# DATASET CONTENT:
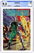Written by James Robinson. Art by Jackson Guice and John Beatty. Cover by John Higgins. The half-Terminator Dudley and Colonel Mary Randall are reunited finally, as they resume their quest to save Sarah Connor and ensure the birth of her son, John. But Dudley is having problems controlling his Terminator half -- and Mary finds out the hard way! The penultimate chapter in Dark Horse's final Terminator series moves inexorably toward a climactic encounter with the new Terminator on the block. James Robinson teams with pencil artist Jackson Guice (Nick Fury: Agent of SHIELD) and inker John Beatty. British artist John Higgins (The Thing from Another World) supplies the cover painting. 32 pages, FC. Cover price $2.50.
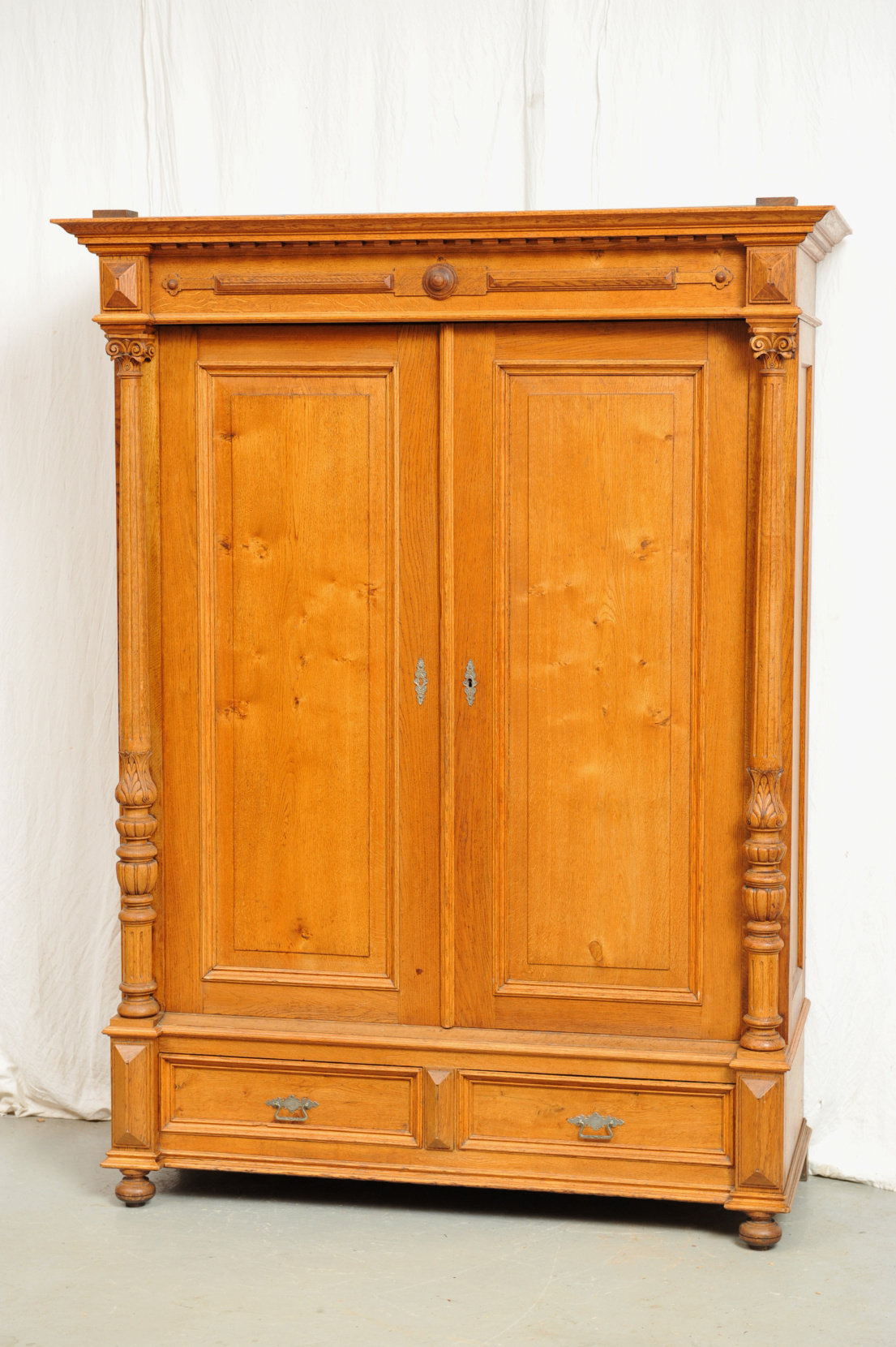 Toller Kleiderschrank Gründerzeit Eiche, ein zerlegbarer zweitüriger Schrank mit zwei Schubladen. Ein Original von 1880. Proportionen: super! Zustand: super! …freundlicher heller Farbton.
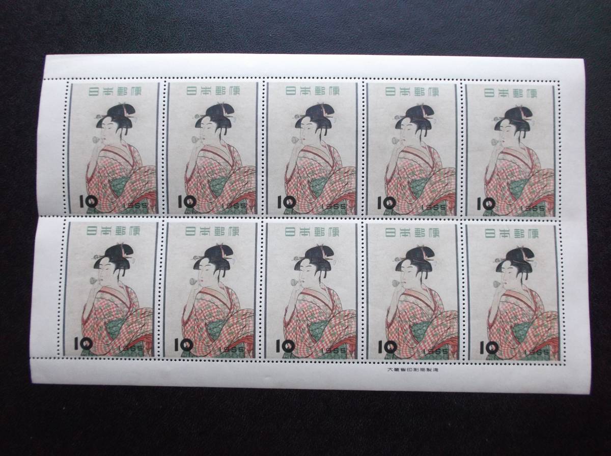 昔懐かしい切手 シート 切手趣味週間 Philatelic Week 喜多川歌麿「ビードロを吹く娘」UTAMARO 1955.11.1発行

# EXERCISE DIRECTIONS:
Each line of the listing above should be retyped exactly, with no pictures.

# SOLUTION TO THIS PROBLEM:
Written by James Robinson. Art by Jackson Guice and John Beatty. Cover by John Higgins. The half-Terminator Dudley and Colonel Mary Randall are reunited finally, as they resume their quest to save Sarah Connor and ensure the birth of her son, John. But Dudley is having problems controlling his Terminator half -- and Mary finds out the hard way! The penultimate chapter in Dark Horse's final Terminator series moves inexorably toward a climactic encounter with the new Terminator on the block. James Robinson teams with pencil artist Jackson Guice (Nick Fury: Agent of SHIELD) and inker John Beatty. British artist John Higgins (The Thing from Another World) supplies the cover painting. 32 pages, FC. Cover price $2.50.
 Toller Kleiderschrank Gründerzeit Eiche, ein zerlegbarer zweitüriger Schrank mit zwei Schubladen. Ein Original von 1880. Proportionen: super! Zustand: super! …freundlicher heller Farbton.
 昔懐かしい切手 シート 切手趣味週間 Philatelic Week 喜多川歌麿「ビードロを吹く娘」UTAMARO 1955.11.1発行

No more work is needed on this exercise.